FIG. 4 is a flowchart showing a second example of a change tendency calculation unit 12, a slowly changing region calculation unit 13, and a dissolve determination unit 14.

FIG. 5 is a schematic diagram of a change in dissolve.

[Explanation of symbols]

1 Input compressed image data 2 Forward prediction coded image sequence between frames 3 Change tendency calculation stage 4 Change tendency 5 Slow change region extraction stage 6 Slow change region 7 Judgment stage 8 Dissolve 9 External data 10 Coding information analysis unit 11 Data sequence Memory 12 Change tendency calculator 13 Slow change area extractor 14 Dissolve determiner 21-35 Step 41 Scene A 42 Number of frames T 43 t ₁ 44 I (x, y) _A + (I (x, y) _A- I ( x,
y) _B ) / Tt ₁ 45 Scene B 46 Difference information for each frame

Claims (5)

[Claims] 1. A change tendency calculation for calculating a change tendency from an image data string compressed by a compression coding method including an inter-frame or inter-field predictive coding method based on the coding information included in the image data string.
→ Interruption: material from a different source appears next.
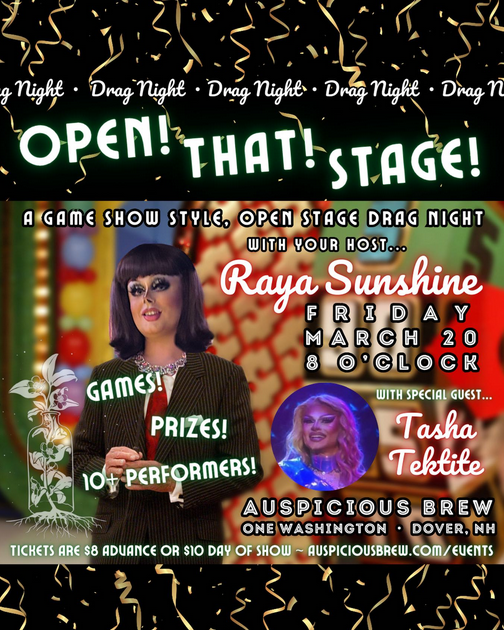 Open! That! Stage! Drag Night, Auspicious Brew, Dover, NH โ€“ This event comes around every other month, and itโ€™s YOUR opportunity to get onstage and show your stuff!! An open stage drag show inspired by game shows with fun games and frivolous prizes. March’s special guest is TASHA TEKTITE! Wanna get onstage and perform at the next Open! That! Stage!?!?!?! Keep your eyes peeled for the next time Raya opens her sign-up form. Follow @rayasunshineomg so you don’t miss a beat! This event will take place on Friday, March 20 starting at 8 pm. Tickets are $8 advance or $10 day of show. Get tickets here.

A step, a slow change area extraction step of extracting an area whose change tendency is constant over a plurality of adjacent frames as a slow change area having a gentle change, and a ratio of the slow change area to the screen. A dissolve detection method comprising a determination step of determining that a dissolve is present when it is greater than a threshold value. 2. The dissolve according to claim 1, wherein the change tendency calculating step calculates the change tendency based on a sign of difference information in a region of the coded information included in the image data string that has been subjected to motion prediction. Detection method. 3. In the change tendency calculating step, when the change tendency is calculated based on the sign of the difference information in the area where the motion prediction is effective, out of the encoded information included in the image data string, the motion prediction is performed in the past. 3. The dissolve detection method according to claim 2, wherein the sign of the difference information is changed and the change tendency is calculated in consideration of which direction, ie, the future direction, is predicted. 4. The dissolve according to claim 1, wherein the change tendency calculating step calculates the change tendency based on a value of difference information in a region of the encoded information included in the image data string, the area being subjected to motion prediction. Detection method. 5. A change tendency calculation for calculating a change tendency from an image data string compressed by a compression coding method including an inter-frame or inter-field predictive coding method based on coding information included in the image data string. Section, a slowly changing area extracting section that extracts an area whose change tendency is constant over a plurality of adjacent frames as a slowly changing area where a gentle change has occurred, and a ratio of the slowly changing area to the screen. A dissolve detection apparatus having a determination unit that determines that a dissolve is present when the value is larger than a threshold value.